= Province of the Bohemian Forest Region =

The Province of the Bohemian Forest Region or Bohemian Woods (Provinz Böhmerwaldgau; Šumavská župa) was an unrecognised province in Bohemia (in the present-day Czech Republic), self-proclaimed by local German officials at the end of the First World War in reaction to the 18 October 1918 proclamation of independence of the First Czechoslovak Republic. Its stated capital was at Prachatice (German: Prachatitz). It claimed parts of southwestern Bohemia in the Bohemian Forest once mainly populated by ethnic Germans, and sought to attach itself to the province of Upper Austria in the unrecognised Republic of German-Austria, the rump state of Austria-Hungary that was in the process of falling apart.

==History==

The claimed provinces of German-Austria.
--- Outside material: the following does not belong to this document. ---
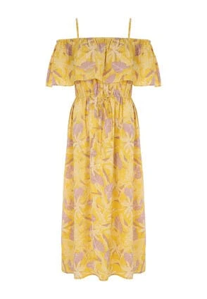 & white palm leaf design featuring an cold shoulder neck line with two small straps and a midi length skirt. Pair with sandals and a bag for a stylish summer look.

The self-proclaimed Province of the Bohemian Forest Region is the area in green north of the current boundary of Austria (red line).

The Bohemian Forest Region was historically an integral part of the Habsburg constituent Kingdom of Bohemia but, with the imminent collapse of Habsburg Austria-Hungary at the end of World War I, areas of the Czech-majority Bohemia with an ethnic German majority began to take actions to avoid joining a new Czechoslovak state.

On 11 November 1918, Emperor Charles I of Austria relinquished power and, on 12 November, the ethnic German areas of the empire were declared the Republic of German Austria with the intent of unifying with Germany. The Province of German Bohemia in the north and west was the part of the state including most of the ethnic Germans in Bohemia. However, ethnic German areas of southwestern Bohemia known as the Bohemian Forest Region with their centre at Prachatice (German: Prachatitz) were added to Upper Austria instead of German Bohemia. However, the area was taken by the Czechoslovak army by the end 1918.

The status of German areas in Bohemia and Moravia was definitively settled by the 1919 peace treaties of Versailles and Saint-Germain-en-Laye that declared that the areas belong to Czechoslovakia. The Czechoslovak Government then granted amnesty for all activities against the new state.

The region was then reintegrated into the Bohemian Land of the First Republic of Czechoslovakia and remained a part of it until the Nazi dismemberment of Czechoslovakia when it was added to Nazi Bavaria and Austria (Ostmark). After World War II, the area was returned to Czechoslovakia and is now part of the Czech Republic.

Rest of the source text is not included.